The Second Amendment to the U.S. Constitution states, A well regulated militia, being necessary to the security of a free state, the right of the people to keep and bear arms, shall not be infringed.
Over many decades, people have argued whether the Second Amendment is an individual right or a collective right – meaning limited to people in organized government military or law-enforcement groups.
In June 2008, the U.S. Supreme Court ruled in District of Columbia v. Heller that the Second Amendment is an individual right and struck down the Washington, D.C., ban on handguns. Suddenly, the same people who, for years, had insisted the Second Amendment was universally a collective right changed their tune – taking the position that the Second Amendment only applies for federal enclaves such as the District of Columbia and does not apply to the 50 states.
The current argument by the gun control side is that the Second Amendment has never been incorporated through the 14th Amendment to include state governments.
A gun ban in Chicago was upheld by the 7th U.S. Circuit Court of Appeals in June. According to the appeals court, the Second Amendment guaranteeing the individual right to bear arms is not an adequate basis for lawsuits attacking local gun ordinances.
That decision has been appealed to the U.S. Supreme Court.
The Supreme Court has agreed to hear MacDonald v. Chicago, which will likely determine whether the Second Amendment applies to the states.

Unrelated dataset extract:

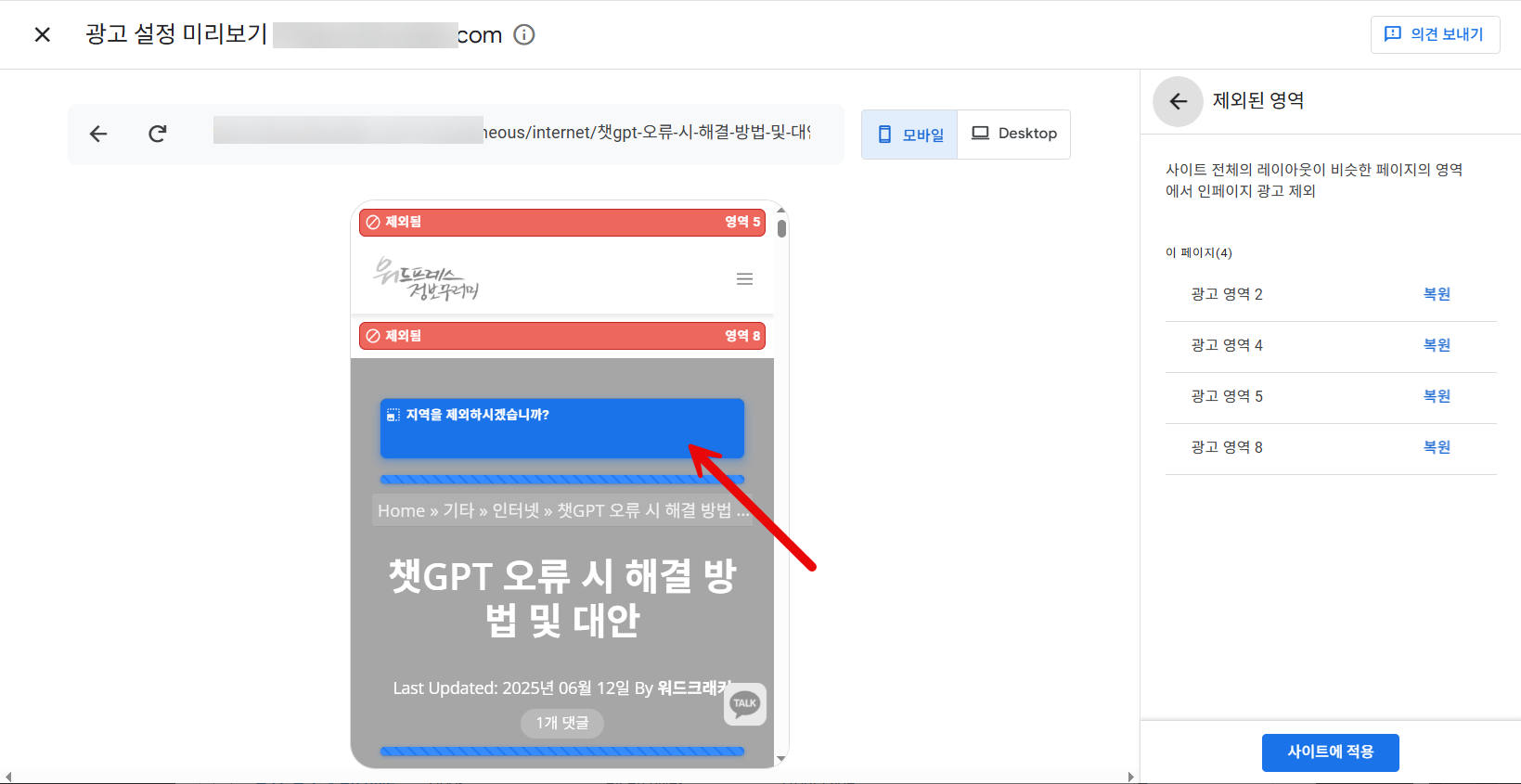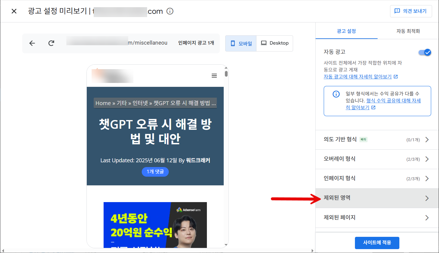 광고 설정 미리보기 화면이 나오면 광고 설정 » 제외된 영역을 클릭합니다.

I am not a constitutional legal scholar, so I am incapable of the linguistic acrobatic contortions necessary to answer profound legal questions such as what the definition of is is, but it does seem the Second Amendment aside, a states constitution certainly applies to that state.
Forty-four of the 50 states have Second Amendment language in their constitutions, while six states constitutions are silent on the subject.
Thirty-three states specifically reference an individual right, and the remaining 11 states have language either identical to the Second Amendment or similar. No state makes any distinction of a collective right.
Most interesting is that the Illinois constitution says, the right of the individual citizen to keep and bear arms shall not be infringed.
So the U.S. Supreme Court is poised to decide whether the individual right confirmed in the Second Amendment to the U.S. Constitution applies in the state of Illinois, when Illinois already specifies the individual right to keep and bear arms in its constitution. Strange, indeed.
One never knows what decisions will come from the U.S. Supreme Court, but, given its decision in the Heller case, it seems likely the court will decide the individual right to keep and bear arms confirmed by the Second Amendment extends to the 50 states.